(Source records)
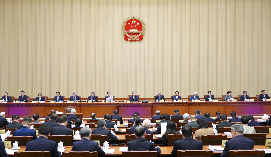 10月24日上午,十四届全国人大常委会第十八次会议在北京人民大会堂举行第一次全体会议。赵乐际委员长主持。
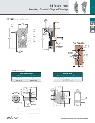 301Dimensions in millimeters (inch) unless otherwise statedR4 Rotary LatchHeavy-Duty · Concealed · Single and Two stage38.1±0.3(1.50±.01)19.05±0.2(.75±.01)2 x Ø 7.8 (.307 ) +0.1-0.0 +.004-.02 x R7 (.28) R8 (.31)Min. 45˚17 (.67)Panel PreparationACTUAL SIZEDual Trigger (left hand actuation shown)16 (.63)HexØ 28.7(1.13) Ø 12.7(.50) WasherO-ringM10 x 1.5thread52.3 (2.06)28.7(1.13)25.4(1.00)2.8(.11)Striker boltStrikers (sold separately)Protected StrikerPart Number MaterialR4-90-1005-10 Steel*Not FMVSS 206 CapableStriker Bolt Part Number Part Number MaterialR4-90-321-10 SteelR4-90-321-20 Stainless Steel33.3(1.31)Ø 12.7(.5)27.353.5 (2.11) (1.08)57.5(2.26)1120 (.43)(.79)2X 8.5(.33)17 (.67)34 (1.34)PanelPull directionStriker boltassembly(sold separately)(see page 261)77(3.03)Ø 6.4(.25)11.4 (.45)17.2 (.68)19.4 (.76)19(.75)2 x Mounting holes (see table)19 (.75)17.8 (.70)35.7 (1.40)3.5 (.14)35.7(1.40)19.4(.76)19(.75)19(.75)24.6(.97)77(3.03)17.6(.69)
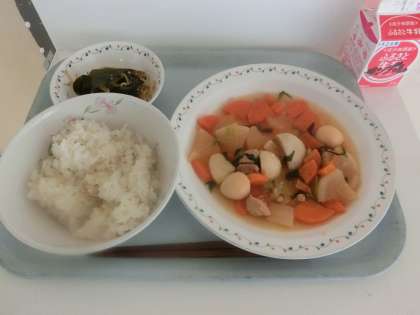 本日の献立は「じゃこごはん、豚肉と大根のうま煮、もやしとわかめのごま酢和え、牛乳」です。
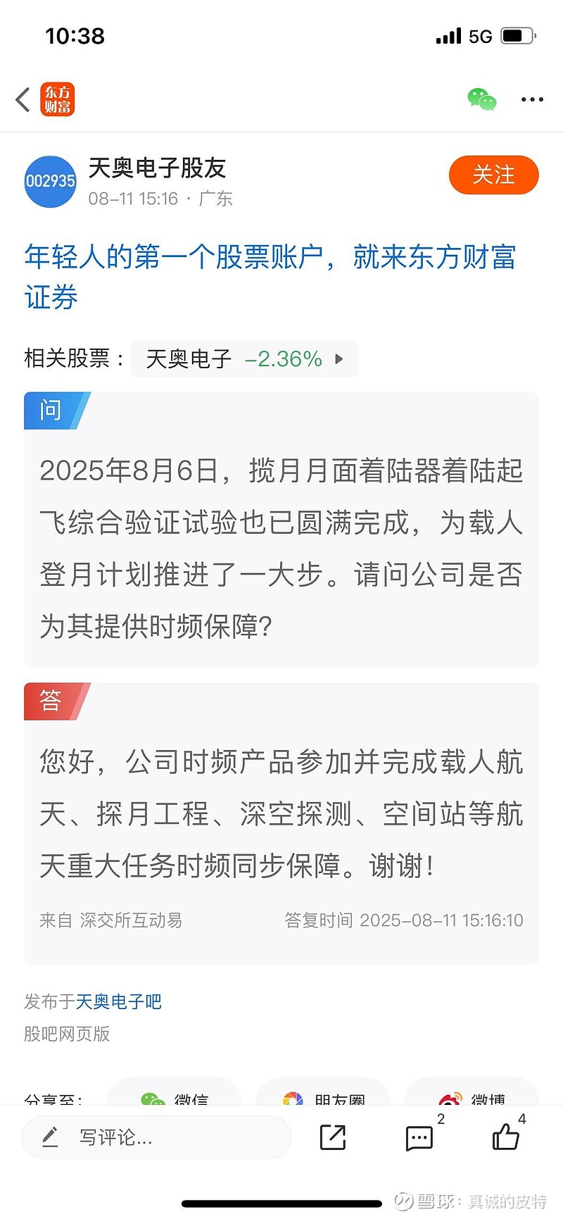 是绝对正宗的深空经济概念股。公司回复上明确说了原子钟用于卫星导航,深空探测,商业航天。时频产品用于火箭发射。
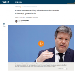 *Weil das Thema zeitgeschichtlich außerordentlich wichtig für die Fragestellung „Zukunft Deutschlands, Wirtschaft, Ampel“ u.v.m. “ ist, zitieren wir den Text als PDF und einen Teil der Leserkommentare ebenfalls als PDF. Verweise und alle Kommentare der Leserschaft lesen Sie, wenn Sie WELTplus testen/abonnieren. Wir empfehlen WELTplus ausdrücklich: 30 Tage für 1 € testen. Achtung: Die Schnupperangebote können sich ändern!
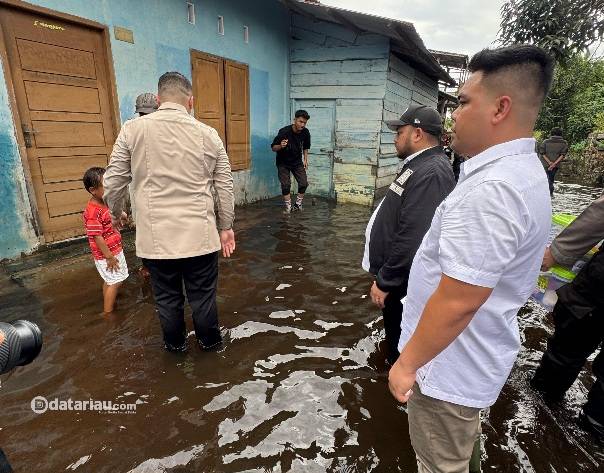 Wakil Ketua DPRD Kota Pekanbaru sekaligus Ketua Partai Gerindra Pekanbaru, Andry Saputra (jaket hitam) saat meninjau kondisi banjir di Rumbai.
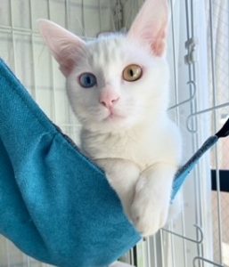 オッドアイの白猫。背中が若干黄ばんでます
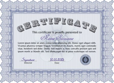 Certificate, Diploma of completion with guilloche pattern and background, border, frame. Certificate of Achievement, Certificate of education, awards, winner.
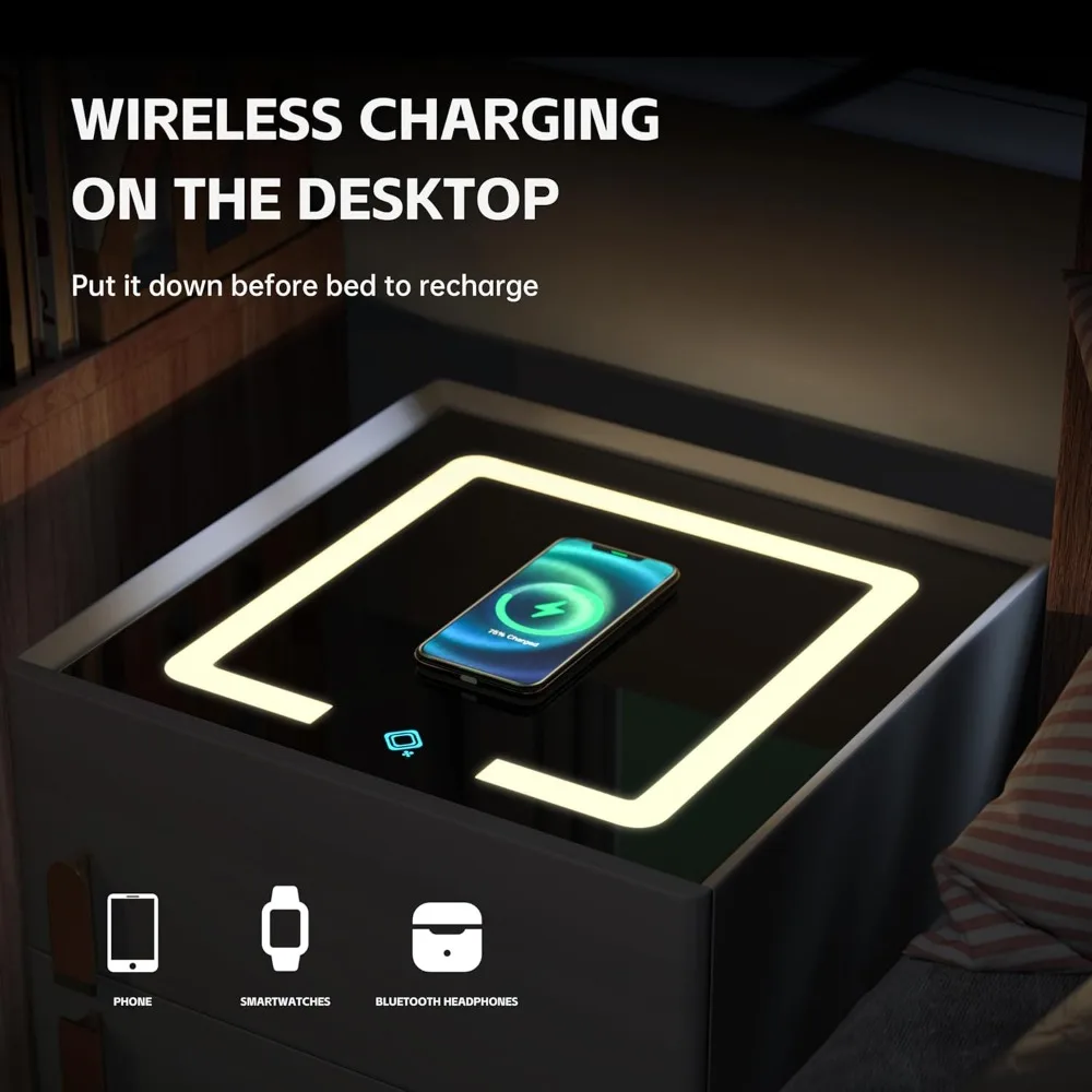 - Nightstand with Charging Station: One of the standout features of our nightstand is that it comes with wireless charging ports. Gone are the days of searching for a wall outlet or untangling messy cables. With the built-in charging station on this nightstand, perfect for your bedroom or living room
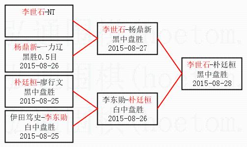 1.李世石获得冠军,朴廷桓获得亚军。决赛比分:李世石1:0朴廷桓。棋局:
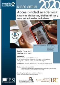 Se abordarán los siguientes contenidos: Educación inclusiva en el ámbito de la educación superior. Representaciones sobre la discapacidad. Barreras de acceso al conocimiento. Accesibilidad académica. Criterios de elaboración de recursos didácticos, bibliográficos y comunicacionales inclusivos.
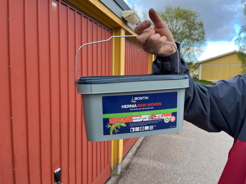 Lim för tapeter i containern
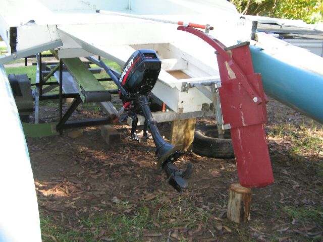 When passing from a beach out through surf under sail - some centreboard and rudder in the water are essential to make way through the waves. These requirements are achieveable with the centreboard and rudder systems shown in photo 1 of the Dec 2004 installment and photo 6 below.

*Activity:* All lines from the one containing "Se abordarán los" through the end of the entries, both ends included, should be written out exactly, with no pictures.

*Output for this exercise:*
 Se abordarán los siguientes contenidos: Educación inclusiva en el ámbito de la educación superior. Representaciones sobre la discapacidad. Barreras de acceso al conocimiento. Accesibilidad académica. Criterios de elaboración de recursos didácticos, bibliográficos y comunicacionales inclusivos.
 Lim för tapeter i containern
 When passing from a beach out through surf under sail - some centreboard and rudder in the water are essential to make way through the waves. These requirements are achieveable with the centreboard and rudder systems shown in photo 1 of the Dec 2004 installment and photo 6 below.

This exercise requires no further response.